Señaló que “el impacto (dentro de la Policía) es fuerte porque este tipo de situaciones golpea la moral de la institución. Aunque Marenco no tuviera ninguna relación directa con el resto de los efectivos, particularmente con los de primera línea”.

“Marenco es una persona clave porque manejaba información de una de las áreas más sensibles de la Policía, que tiene que ver con todo el tema de las investigaciones y la inteligencia, que incluye la vigilancia política, investigaciones económicas, crimen organizado, narcotráfico”, comentó la experta.

La destitución y arresto de Marenco ha coincidido con el ascenso de su segundo en la Dirección de Inteligencia, el comisionado general Zhukov Serrano Pérez, quien en noviembre pasado fue nombrado subdirector de la Policía.

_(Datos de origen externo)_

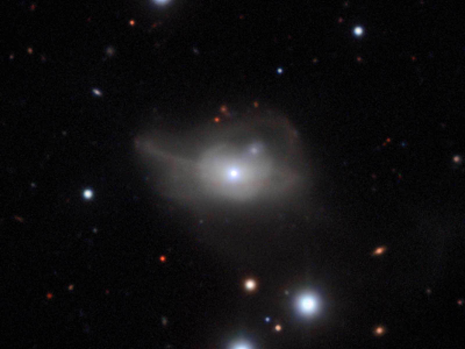 Snímek pořízený přístrojem MUSE zachycuje aktivní galaxii Markarian 1018, v jejímž centru se nachází superhmotná černá díra. Slabé světlejší oblouky táhnoucí se kolem středu galaxie jsou výsledkem interakce při procesu slévání s jinou galaxií v nedávné minulosti.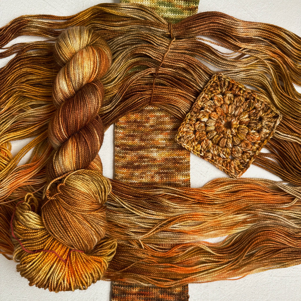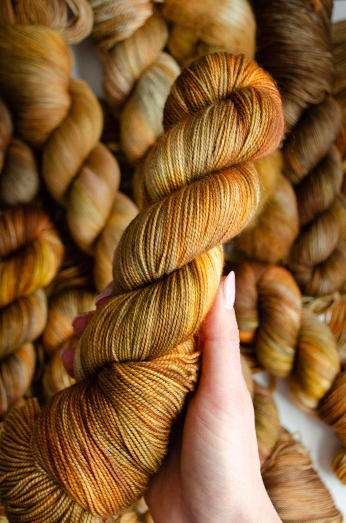 80% superwash merino, 20% silk 2 ply, 400 yards per 100g full sized skein, 80 yards per 20g mini skein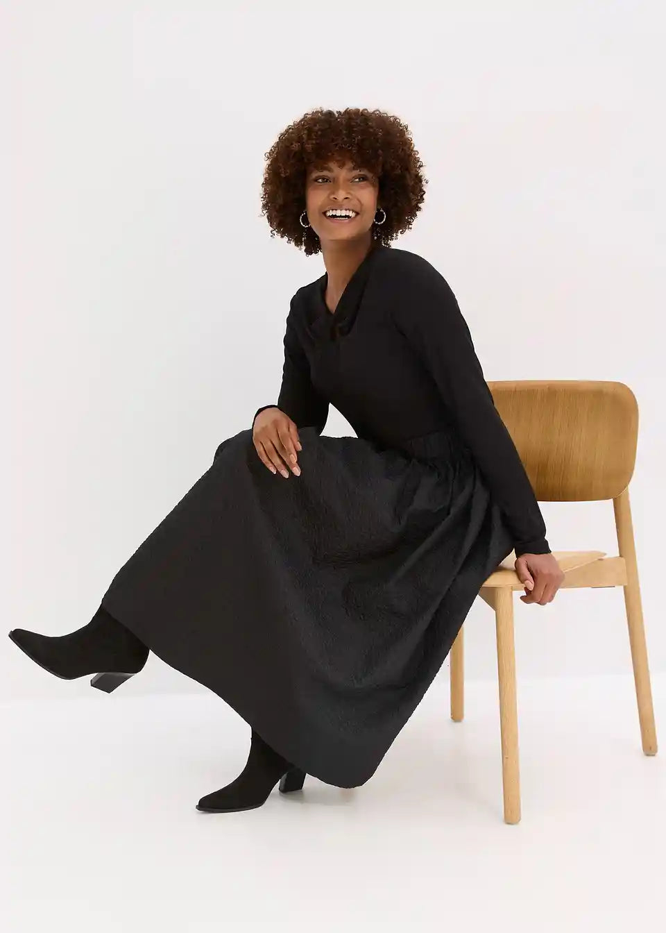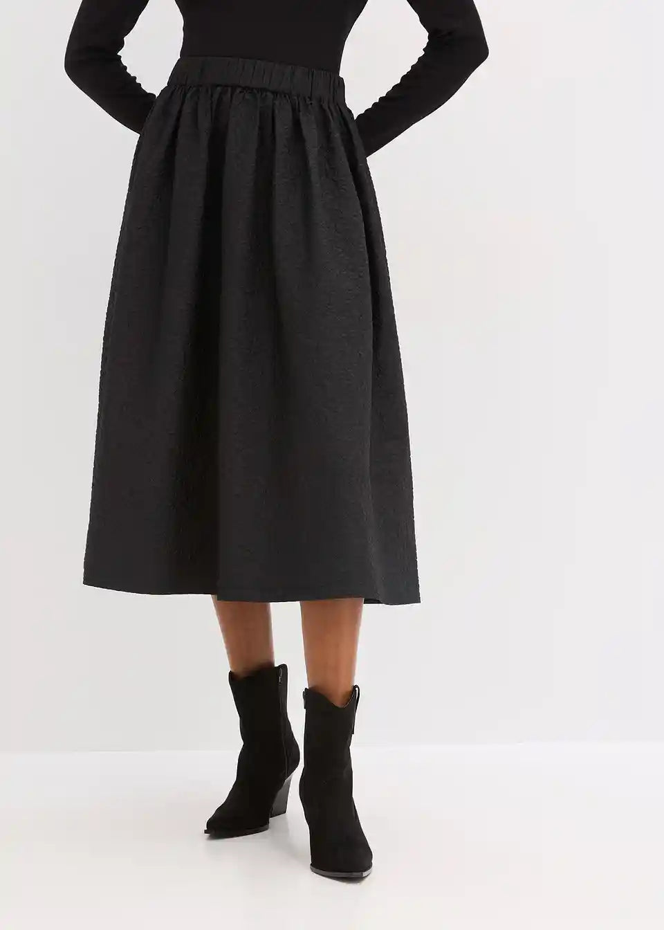Langer Rock mit Bequembund in dezent erhabenem Muster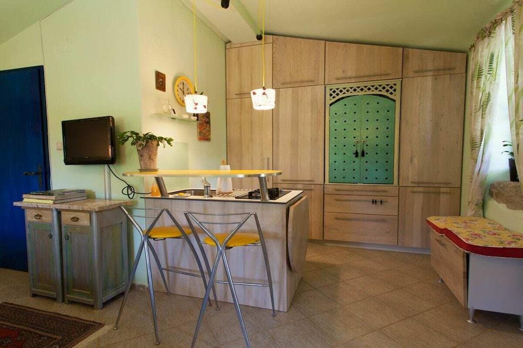 Et lille hus med swimmingpool i en stor, anlagt og indhegnet have på 3000 m2. Ideel indkvartering for et par, der ønsker at nyde deres ferie i smukke omgivelser fyldt med blomster, grønne områder og urter. Den mindre pool, der ligger lige ved siden af huset, er perfekt til en sommerforfriskning. Aircondition, Wi-Fi, en overdækket terrasse og flere andre mindre terrasser omkring huset, hvor du kan nippe til din morgenkaffe eller tilbringe aftenen med et glas vin... vidunderligt. Haven er velholdt, anlagt og vandet, hvilket gør den smuk hele sommeren. De nærmeste strande og restauranter i Malinska ligger kun få minutters kørsel væk. Parkering er lige ved siden af huset og er gratis.

Además, Ortega elevó el perfil del comisionado general en retiro de la Policía, Horacio Rocha López, al nombrarlo como ministro asesor en Asuntos de Seguridad del presidente. Con esta decisión, Rocha se convirtió en la máxima autoridad ante la Presidencia en temas de seguridad, y puede participar de las reuniones del consejo de ministros, donde se abordan los temas coyunturales del país y es presidida por la vicepresidenta Murillo.

Para Cuadra, estos movimientos en la cúpula policial responden a “una reconfiguración del círculo de confianza y de lealtad más cercano de los Ortega-Murillo”.

Dijo que estos “movimientos”, generalmente, se dan en los regímenes, como el orteguista, cuando estos enfrentan o está en curso “un proceso acelerado de erosión interna de su base de apoyo”.